Found in 2-4% of methodology chapters. If your research questions ask "how" but your methods collect numbers, your committee sees a fundamental design flaw.
Ensure the stated methodology aligns with the research questions and data collection methods.
Methodology alignment means your research questions, research design, data collection methods, and data analysis procedures all point in the same direction. When a student writes exploratory "how" questions but proposes a survey with Likert scales, or asks about numerical relationships but plans to conduct interviews, the committee sees a misalignment that threatens the entire study's validity.
This issue usually emerges when students change their research questions during the writing process but don't fully update the methodology chapter to match. You started with qualitative questions, switched to mixed methods after your committee meeting, updated Chapter 1, but Chapter 3 still describes a purely qualitative design. Or you refined your questions to be more specific, but your data collection instruments still target the broader original questions.
Alignment needs to be explicit, not implied. Your committee wants to trace a clear line from each research question to the specific data source that will answer it, to the specific analysis technique that will process that data. If you have three research questions, your methodology chapter should clearly state which data collection method addresses which question and which analysis technique will be applied to that data.
Committees flag mismatches between research questions and methodology as a fundamental design flaw that undermines the entire study.
This qualitative study used surveys with Likert scales to measure participant attitudes.
This qualitative study used semi-structured interviews to explore participant experiences and perspectives.
A "relationship" question implies quantitative measurement, not qualitative interviews.
RQ1: What is the relationship between teacher self-efficacy and student achievement? Methodology: Semi-structured interviews with 12 participants.
RQ1: What is the relationship between teacher self-efficacy and student achievement? Methodology: Correlational analysis of Teacher Sense of Efficacy Scale scores and standardized test results from 150 participants.
A "how do people experience" question requires qualitative analysis, not statistical tests.
RQ: How do principals experience the transition to remote leadership? Data analysis: Descriptive statistics and t-tests.
RQ: How do principals experience the transition to remote leadership?
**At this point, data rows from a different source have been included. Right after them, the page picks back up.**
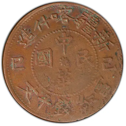 造什喀疆新 巳己 中 國民 華 文十錢紅當 (Translation: Made in Kashgar, Sinkiang Year 6 Republic of China Each piece worth 10 Cash) |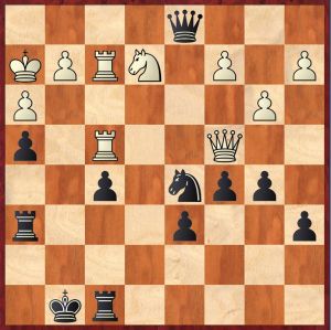 IM Ruslan Kurayan (2376) mit Schwarz hatte gerade 38. ... b5 gespielt. Marcy entschied sich für 39. Tg4+ und musste nach Kh7 die Hand reichen. Zum Remis gereicht hätte 39. Txf5!! bxc4 40. Txf8+ Kg7 41. T2f7+ Kg6 42. Sf4+ Sxf4 und gegen die Schachgebote der weißen Türme auf der f-Linie gibt es für Schwarz kein Entkommen. Doppelt bitter für Marcy, der eine starke Partie gespielt hatte und keinen Klassenunterschied erkennen ließ.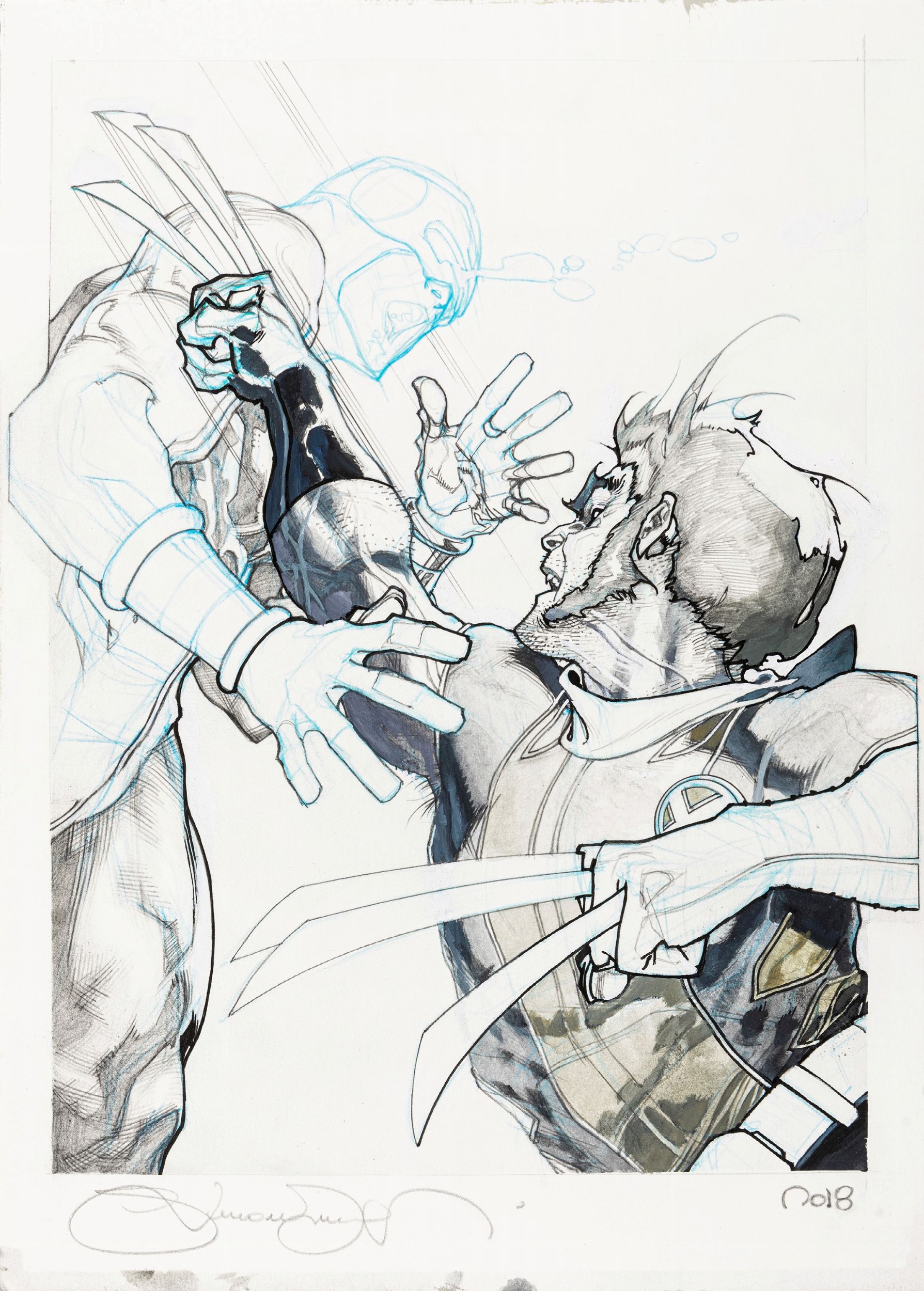 2018 Disegno preliminare realizzato da Bianchi per la card n. 9 della serie Marvel Masterpieces Battle Spectra Gems Cyclops vs Wolverine prodotta dalla Marvel nel 2018. Firmata e datata.

Data analysis: Thematic analysis of interview transcripts using Braun and Clarke's (2006) six-phase approach.
Mixed data types require a mixed methods design, not a purely qualitative label.
RQ1 addresses perceptions (interviews). RQ2 addresses outcomes (test scores). Design: Qualitative phenomenology.
RQ1 addresses perceptions (interviews, qualitative). RQ2 addresses outcomes (test scores, quantitative). Design: Explanatory sequential mixed methods (Creswell & Plano Clark, 2018).